Monique Liddle and I were just discussing validation and whether being published is what all writers are really after. I think just being read is great! But that people read, appreciate, and respond to my work is even better.
Mostly, though, I'm just really, really glad to be part of a new writing f
amily.
So thanks, #MNINB (
Robert Lee Brewer) for bringing us all together. The #MNINB people have a Facebook
page, too.
There's another group, #ShareTheLoveForAuthors by the World Literary Cafe (Search WLC on Facebook) that sends a bunch of people to my Facebook
page. That's encouraging!
Also, thanks to
#amwriting and
Johanna Harness for her writing sprints and the great community being built at that web site.

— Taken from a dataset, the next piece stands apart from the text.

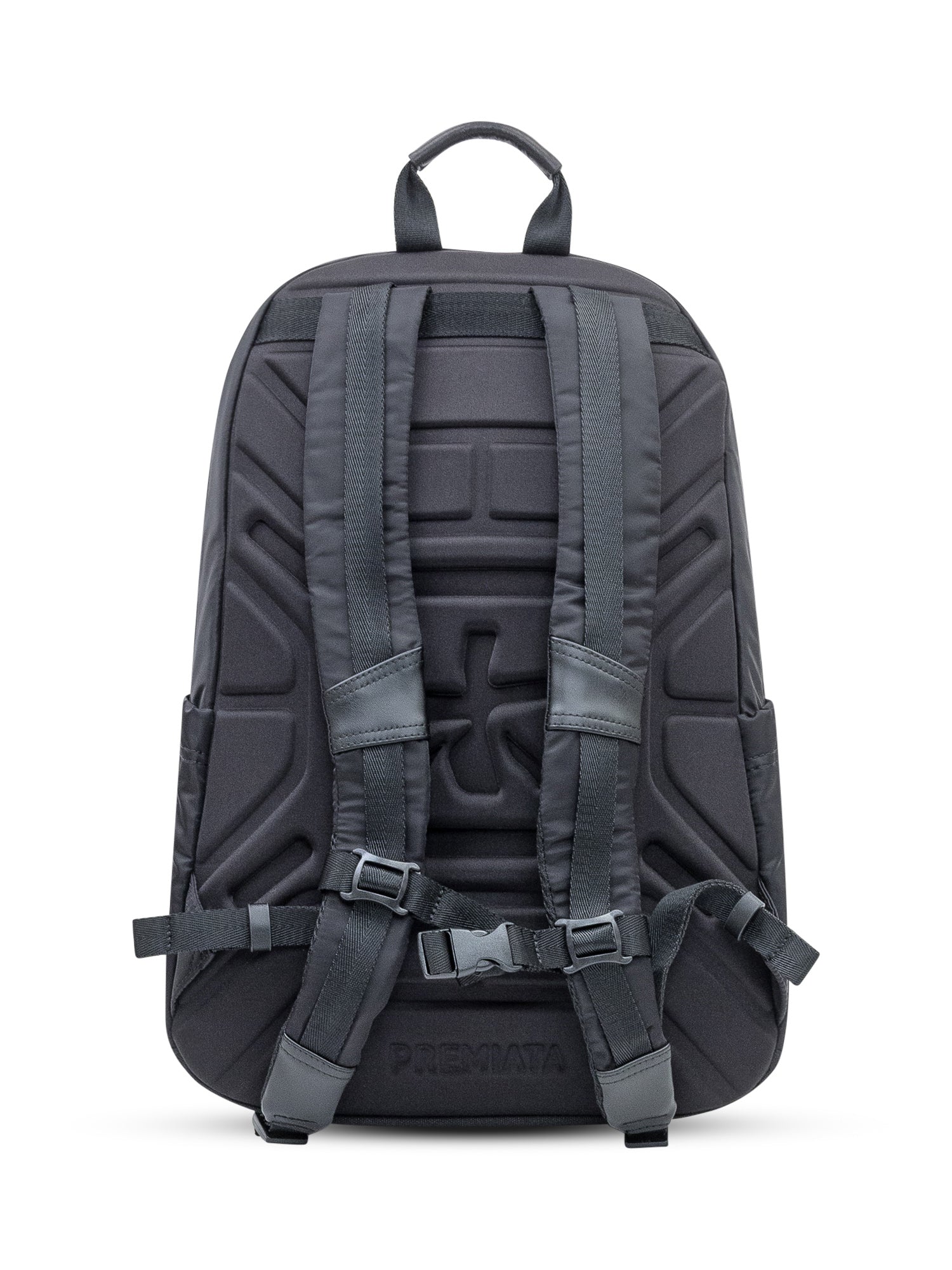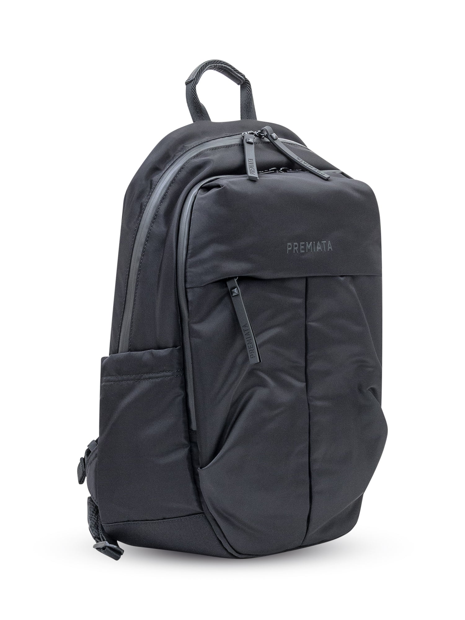 Premiata black technical fabric backpack with tonal logo. Features front zip pockets, adjustable straps, and a double top zip closure.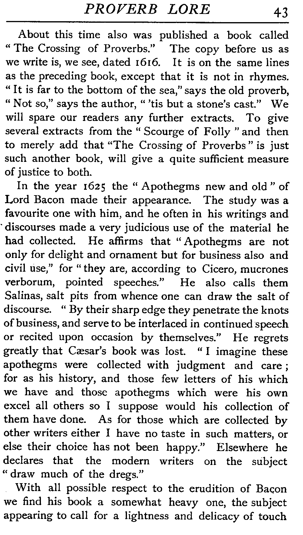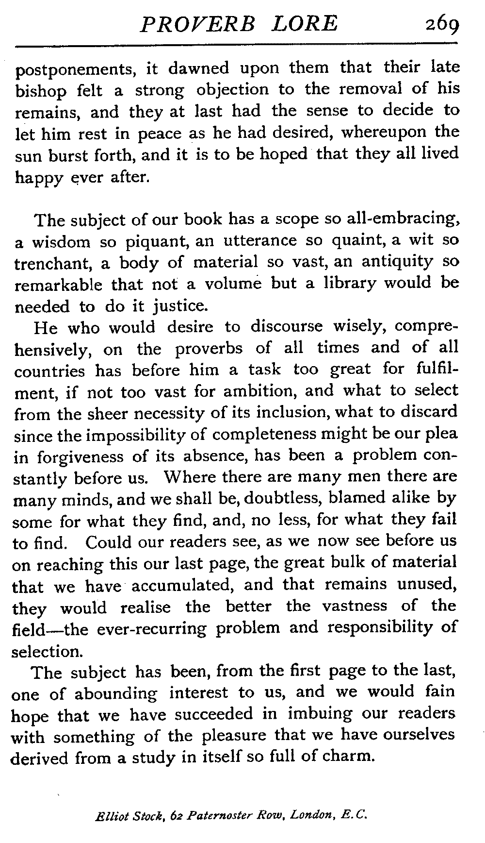 Lord Chesterfield declared that "a man of fashion never had recourse to proverbs," but after all his opinion is not final. The utterance is often quoted, but proverbs still survive his anathema, and the ban under which he would place them has had no binding force. It is, moreover, a matter quite immaterial what the man of fashion thinks of them at all. They yet remain interesting objects of study for the philosopher, and are for the man of the busy world a storehouse of practical wisdom.

Wow, this sounds like an acceptance speech. Self indulgence alert! Okay, here's the deal:
Liebster Award
The Liebster Blogger Rules are:
1. Thank the one who nominated you by linking
back.
2. Nominate five blogs with less than 200 followers.
3. Let your
nominees know by leaving a comment on their sites.
4. Add the award image to
your site.
My
nominees are:
Michelle Goes Global which is about everyone's younger sister who didn't get married and settle into suburban life but instead became Awesome Aunt Michelle who is traveling the world. Leave off questions about job, health insurance, and retirement savings, will ya? It's a live-vicariously thing.
I like
Becca's Blog because the prose is readable. She writes like she's speaking directly to you over a cafe table or a bar top. She makes me think we are sharing some kind of secret together, just her and me.
I like
The Rogue's Scribe for formatting. I'm also really impressed that she kept a journal. I'm so bad at daily writing that I used to do all of my journal entries the night before they were due. Using different colored pens for each, of course, so they would look like they'd been written on different days. That was fourth grade and I've
never gotten any better at it.
I'm not sure how many followers
C. Hope Clark has, but I like her because she's a Southern author, an unashamed unlike some Mississippians who shall remain
nameless.
Jennifer Chow crosses cultures with Chinese sayings applied to Asian-American experiences. This post titled
"Blessed are the Fools" talks about our experience with the MNINB April Platform Challenge. The title, the definition, and her summation -- that screen-to-screen communication only takes us so far -- are all so thick with meaning that I could spend hours teasing out the possibilities.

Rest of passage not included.